Collegiate Dictionary defines "consume" as:
1: to do away with completely: DESTROY . . . 2 a: to spend wastefully: SQUANDER b: to use up . . . 3: to eat or drink esp. in great quantity . . . 4: to engage fully . . .
With regard to tangible personal property purchased by Fedway and provided to salespersons as compensation, these items are not exclusively used and consumed by Fedway in the enterprise zone and are thus not exempt from sales and use tax. Although Fedway used these items by distributing them to salespersons who picked up the items in the enterprise zone, the items themselves were not exclusively used or consumed in the enterprise zone. These items are also used and consumed outside of the enterprise zone. The intent of the legislation exempting purchases for use in the enterprise zone requires the purchase to be consumed (used up) exclusively by the enterprise zone permit holder. This interpretation is supported by the Director's regulations and the Department of Commerce and Economic Development questions and answers. The items purchased as compensation for salespersons are not entirely consumed so that they lack any residual utility after their use by Fedway.
With regard to the promotional items, I find that these items are subject to use tax because they are not consumed on the premises of the business or within the enterprise zone. They are purchased with the intent that salespersons use them to market the products they sell. Fedway claims that it relinquishes control of these items within the enterprise zone. Fedway furnishes these sale promotion items to the salespersons for a purpose — to promote Fedway's business. The subject items are not consumed until such time as they are used by the salespersons to promote Fedway's products.
There is no evidence that any of these promotional items are distributed to Fedway customers located within the enterprise zone and consumed within the enterprise zone. Therefore, I find that all of the subject purchases classified as sales promotion items are subject to use tax.
Fedway argues that Director's position in this case should be discounted because it contradicts positions Director asserted in Cosmair, Inc. v. Director, N.J. Div. of Taxation, 109 N.J. 562, 569, 538 A.2d 788 (1988), rev'g 9 N.J. Tax 89 (App.Div. 1986), and Hoffman-La Roche v. Taxation Div. Director, 5 N.J. Tax 154 (Tax 1983), aff'd in part, rev'd in part, 192 N.J. Super. 552 , 471 A.2d 786 (App.Div. 1983). In both cases cited by Taxpayer, Director took positions as to when a "use" occurred. In Hoffman-La Roche, the court agreed with the Director's position and in Cosmair, the Court disagreed. I do not find these positions taken by the Director, or the cited court decisions, relevant because the issue in this case is fact-sensitive and involves a statute which refers to "exclusive use or consumption," a term which requires interpretation independent from the term "use." Exclusive use and consumption, as used under the Act, is determined when the goods are employed for their intended use, and requires more than merely a change of control or possession of the items.

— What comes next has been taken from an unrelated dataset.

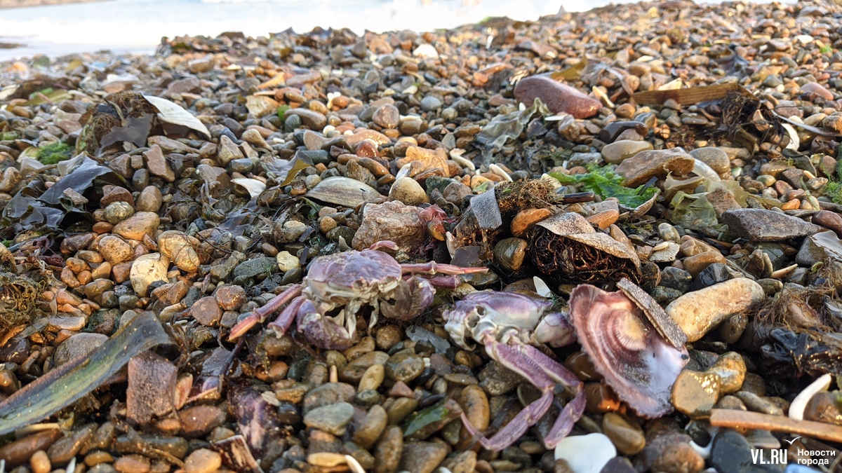 На место выехал фотокорреспондент Новостей VL.ru. Он отберёт в пакеты биоматериал, который ещё не успели забрать желающие отведать бесплатных морепродуктов, и отправит учёным на экспертизу. По её результатам будет понятно, стало ли цветение динофлагеллятов причиной гибели моллюсков и крабов.

Fedway's argument that items given to salespersons as incentive compensation, or for further distribution to customers outside the enterprise zone, promote development and employment in the enterprise zone and are therefore exempt is inconsistent with the requirement of the Act that materials and supplies must be exclusively used or consumed within the enterprise zone.
Director's use tax deficiency assessment is affirmed.